Although various serologic abnormalities have been noted in patients with silicosis, they are not diagnostic of the disease, and tests to detect these abnormalities are not indicated routinely. Humoral immune system abnormalities observed in silicosis include an increased incidence and titer of rheumatoid factor, antinuclear antibodies, and immune complexes. No consistent abnormality is noted in the cell-mediated immune system.

Some of the markers being considered for utilization in the evaluation of silicosis are discussed below.

Serum coppper (Cu)

The primary pathologic changes in silicosis are fibrosis in the lungs. Studies conducted on Cu levels in blood serum indicate that Cu plays a very important role in the progress of lung fibrosis, and it has a direct relationship with serum Cu levels. Ren and Jiang confirmed that an increase in ceruloplasmin levels in the silicosis group is one of the factors for elevated Cu. [42]  Each ceruloplasmin molecule contains eight Cu atoms, and the Cu level in blood serum is maintained by ceruloplasmin. The Cu increase may therefore be explained by an increase in the ceruloplasmin level in blood serum. Thus, fibrosis of lungs due to silicosis is accompanied by increases in ceruloplasmin as well as Cu levels in blood serum. Tiwari et a conducted an important study involving 134 workers in quartz stone crushing units to assess serum Cu activity and concluded the following [43] :

  • There was no significant difference among different categories of workers when mean serum Cu levels were compared according to duration of exposure.
  • When workers were categorized according to the presence or absence of respiratory diseases, those having respiratory diseases and exposed for at least 1 year had significantly higher levels of serum Cu compared to those with a similar duration of exposure but who were disease free.
  • Smokers had significantly higher serum Cu values relative to nonsmokers.
  • When pulmonary function tests were categorized according to respiratory morbidity, serum Cu levels were higher among those with respiratory disorders compared to those free from disease.

Clara cell protein (CC16)

CC16 is a 16-kDa protein secreted by nonciliated cells of the tracheobronchial tree. It has been proposed as a peripheral marker of respiratory epithelial injury. Broeckaert and Bernard [44]  and Bernard et al [45]  found that Clara cells are one of the most multifunctional and heterogeneous cell types in the mammalian lung, with their main function being protection of the respiratory tract. The highest concentrations of CC16 are in sputum and bronchoalveolar lavage fluid, reflecting intense secretion of the protein in the airways. [45]  The protein also occurs, but in smaller concentrations, in other fluids such as urine, amniotic fluid, and semen. 

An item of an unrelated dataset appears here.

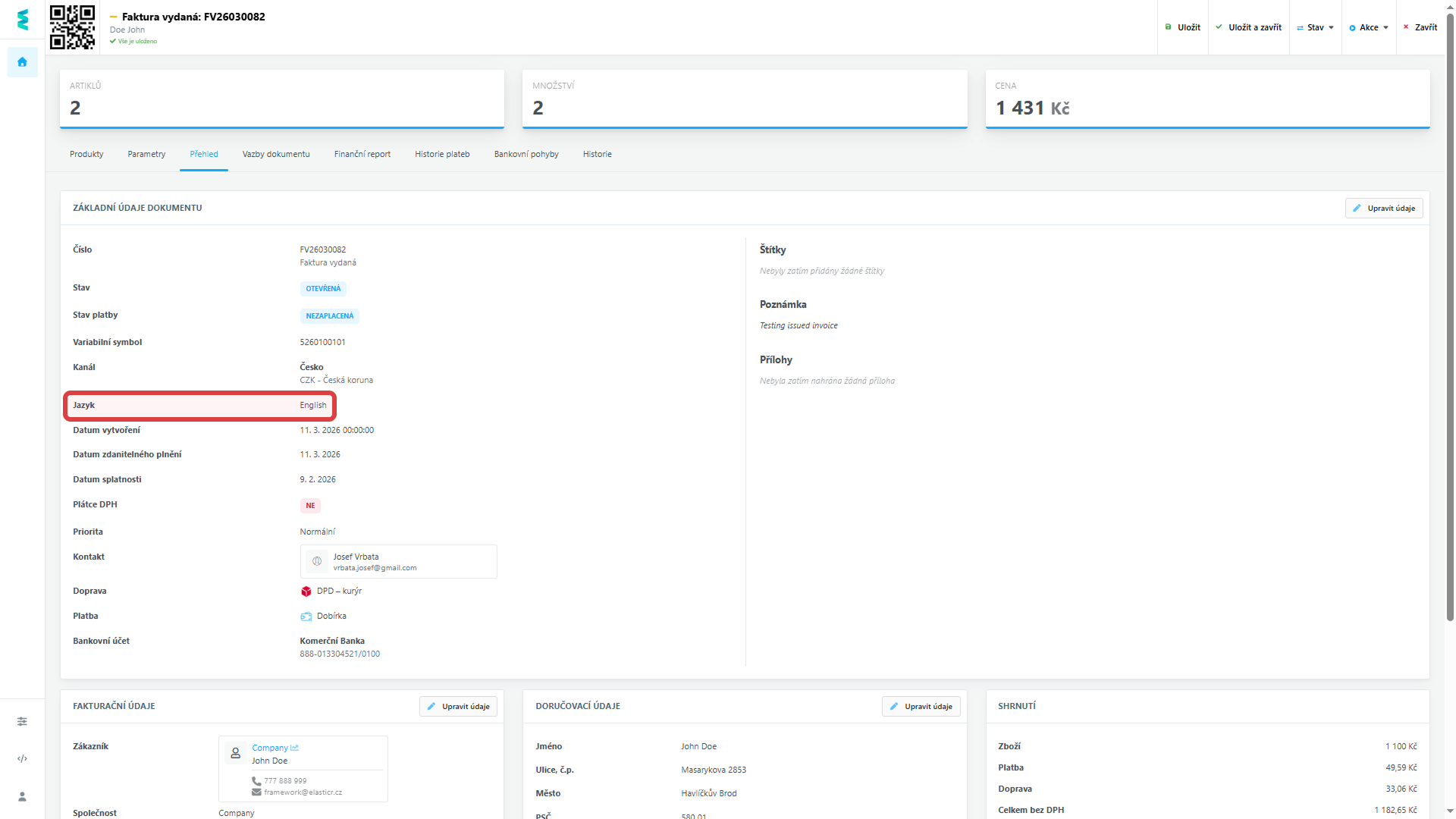 PDF doklady se nyní automaticky generují v jazyce, který pro daný dokument zvolíte, například v angličtině.

In a study that measured the concentration of CC16 in the serum of 86 miners exposed to silica-rich dust in a quarry (average exposure: 15.2 months) and 86 control subjects matched for age, body mass index, and smoking status, no appreciable difference could be detected between exposed and control workers with regard to respiratory symptoms, chest radiograph findings, or lung function tests. [45] However, the concentration of CC16 in serum decreased in silica-exposed workers (geometric mean 12.3 μg/L) compared to control subjects (16.3 μg/L). The decrease was found both in lifelong nonsmokers (14.7 vs 21.9) and current smokers (11.3 vs 14.5). Tobacco smoking caused a decrease in serum CC16 that was further lowered after silica exposure. [45] These serum concentrations of CC16 probably reflect the very early toxic effects of silica particles on the respiratory epithelium. This reinforces the view that serum CC16 is a sensitive marker, which might improve our ability to detect exposure to chemicals potentially harmful to the respiratory tract.

Heme oxygenase-1 (HO-1)

HO-1, a rate-limiting enzyme in heme catabolism, has antioxidative, anti-apoptotic and anti-inflammatory activities. Studies indicate that crystalline silica induces the production of reactive oxygen species (ROS), which play a key role in the development of silicosis.

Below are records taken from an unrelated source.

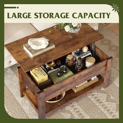 WLIVE Lift Top Coffee Table, 98CM Lift Up Coffee Table with Hidden Compartment, Wooden Coffee Table with Storage Shelf for Living Room, Rustic Brown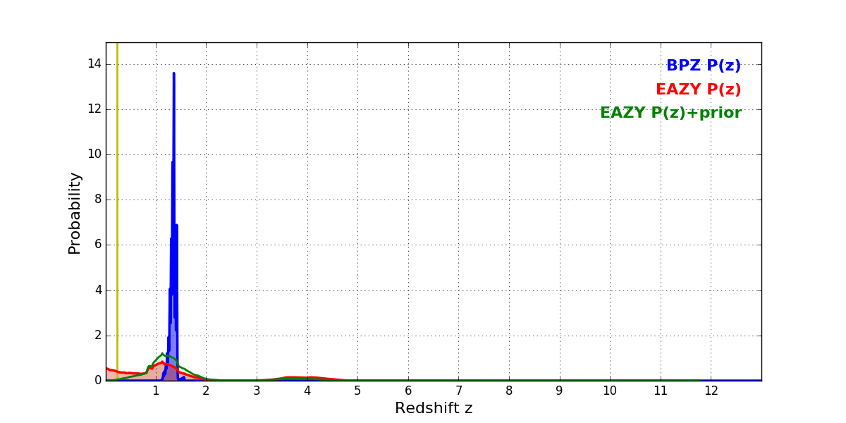 In P(z) plots: Yellow lines mark the cluster redshift z = 0.228,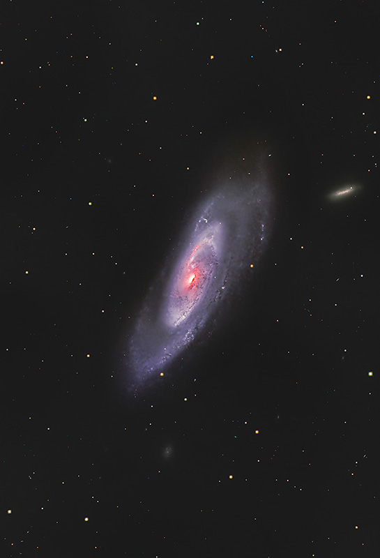 M106銀河は特異な形状を持つ銀河です。銀河円盤については内側が明るく外側は希薄な二重構造で、全体の姿は他の銀河との干渉で歪んでいます。さらに、中心コアの下側から左の方へ渦巻とは違う赤い炎のようなものが見えるでしょうか。活動が活発で中心から激しくガスを放出していると考えられています。

HO-1 is present in the lungs of humans and mice with silicosis, especially at sites of silica particle deposition. In mice, silica exposure is associated with acute leukocyte infiltration, leading to the development of silicotic lung lesions. Inflammation has been shown to be suppressed by treatment with hemin, an inducer of HO-1, and enhanced by zinc protoporphyrin, an inhibitor of HO-1. Pulmonary HO-1 expression is increased in silicosis.

HO-1 suppresses ROS activity and subsequent pathologic changes, thereby attenuating disease progression. A study by Sato et al showed that HO-1 is persistently expressed in lung lesions of patients with silicosis. [46]  This appears to reflect ROS induction by silica, leading to elevation in serum HO-1 levels. The increased HO-1 can protect the host by suppressing silica-induced ROS activity. Thus, regulation of HO-1 may represent a novel strategy for treatment of silicosis.

A major limitation of all these studies is that they were conducted in a lateral dimension over a small time period and within a group population, which gives only statistical and probabilistic results with respect to an individual subject. Therefore, a more conclusive finding may be obtained when the observations from these biomarkers are monitored in a cohort or for a specific subject over a long period and the data are interpreted with a time scale. Although such studies may take longer (in years) to provide any meaningful changes in the characteristics' values, they will be more conclusive and have a more definite prognostic value with respect to the health status of the subjects under monitoring.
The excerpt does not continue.